Had the climbs on the circuits been more sustained efforts, Faulkner believes she may have faired better but the punchy nature of the Wollongong loops was a challenge for her.

“Personally, I haven’t been feeling on super form these last few months. I felt really good on the first climb and then after a couple of times around the circuit, I just didn’t feel very good in the body. After I dropped off the front group, I just wanted to finish the race,” she said.

“I never really let my body recover from [COVID] and some days I feel great and some days I don’t. Overall, I just felt sometimes I have a hard time recovering in stage racing, and other times when it’s a really high intensity just catches me earlier than it did in the past. I just can’t do repeated high-intensity efforts the way that I could before.

“In the time trial or on a long, sustained climb I’m fine. On a course like this where there are repeated bursts, I don’t know if it’s long COVID or if it’s just that with the COVID I had to take such a long break to come back that I lost fitness. It’s unfortunate.”

It wasn’t all bad for Faulkner in Australia and she finished the world championships with a strong performance in the time trial, taking sixth at 1:26 behind the winner Ellen van Dijk. Faulkner rode her TT bike a lot in the buildup to the competition and she wants to work on it more ahead of the 2023 season.

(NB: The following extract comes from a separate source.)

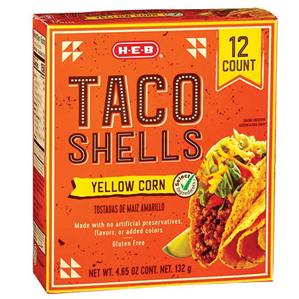 Crunchy and delicious, H-E-B yellow corn taco shells offer a fun way to mix up the menu. Heat these hard shells in the oven with their edges slightly overlapping before filling with seasoned ground beef, lettuce, salsa and cheese.

“It was my first time doing a time trial at worlds and I actually feel really optimistic about future TTs,” she told VeloNews. “I changed my position to be more aero when I came here but it was a little less stable and I think that hurt me in the wind with the conditions being as they were. I think with a little bit of practice over the winter and nailing some of those details I think more TT experience will only help me.”

After a strong opener to the 2022 season that take three victories, including two stages of the Giro d’Italia Donne, the second half of the season has been a bit up and down for Faulkner. The Alaskan struggled through the Tour de France Femmes and had to abandon the Ceratizit Challenge by La Vuelta, citing issues with fatigue.

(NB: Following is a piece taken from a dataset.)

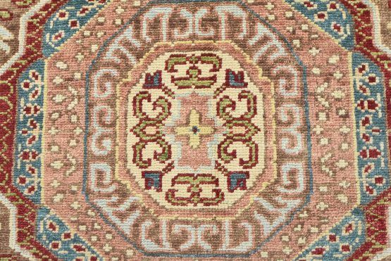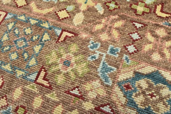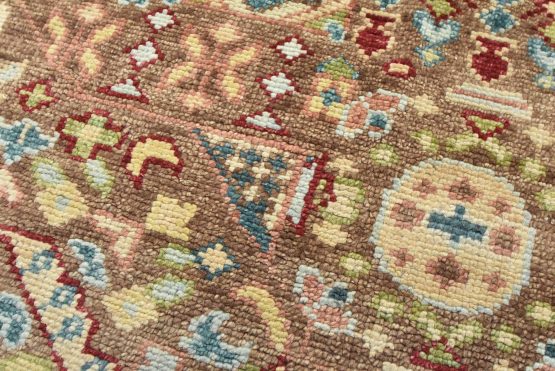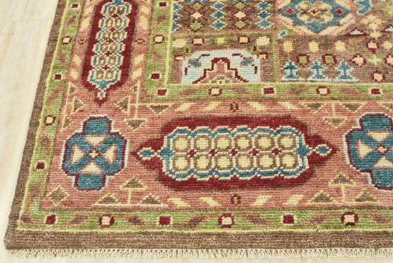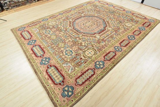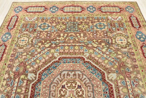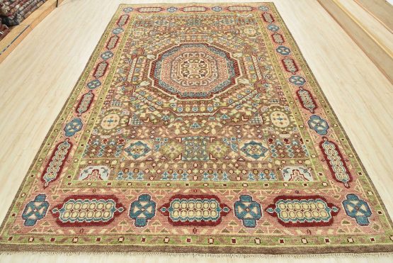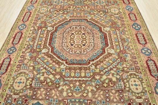 A traditional Mamluk rug hand-knotted with an all-wool pile on a cotton foundation. This oriental rug features a central medallion surrounded by a geometric botanical design set against a brown background. It is new and in excellent condition.

Despite ending her season on a slightly disappointing note at the world championships, she’s trying to look at the good and not dwell too much on the bad.

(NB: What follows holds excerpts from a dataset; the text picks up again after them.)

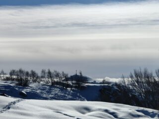 Arrivati solo fino alla fine dello ski lift. Crosta poco portante ma magnifica giornata. Neve Bella solo in pista battuta.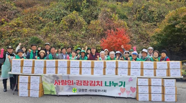 장순덕 부녀회장은 “전달된 김장김치가 관내 어르신 등 이웃들의 월동준비에 조금이나마 보탬이 되기를 바란다”며 “바쁜 와중에도 함께해주신 부녀회 회원 모두에게 감사드리고 앞으로도 지역 어르신에 대한 공경의 마음과 이웃 사랑을 실천하는 금광면 새마을부녀회가 되겠다고”고 전했다.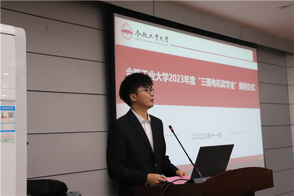 三菱电机捷敏功率半导体(合肥)有限公司技术服务总监商明在致辞中向与会师生介绍了“三菱电机”设置的由来,向获得奖助学金的同学表示祝贺,并勉励在场同学,人才是推动社会和企业向前发展的力量所在,希望同学们可以不忘初心,不骛虚声,敢于创新,大胆实践,三菱电机衷心地希望和相信大家在未来的职业生涯中为社会做出更大的贡献。

“I have to be a little bit compassionate with myself and not be so hard on myself when I have a bad day like today,” she said.

“I think when people are asking you ‘what happened today, did you not feel great,’ my first instinct is to judge my performance but I know that I gave what I could today and things haven’t been perfect in the second half and I just have to be able to roll with that and know that next year I want to come back really strong. I know what I can do when I’m strong, so this isn’t a reflection of my best self.”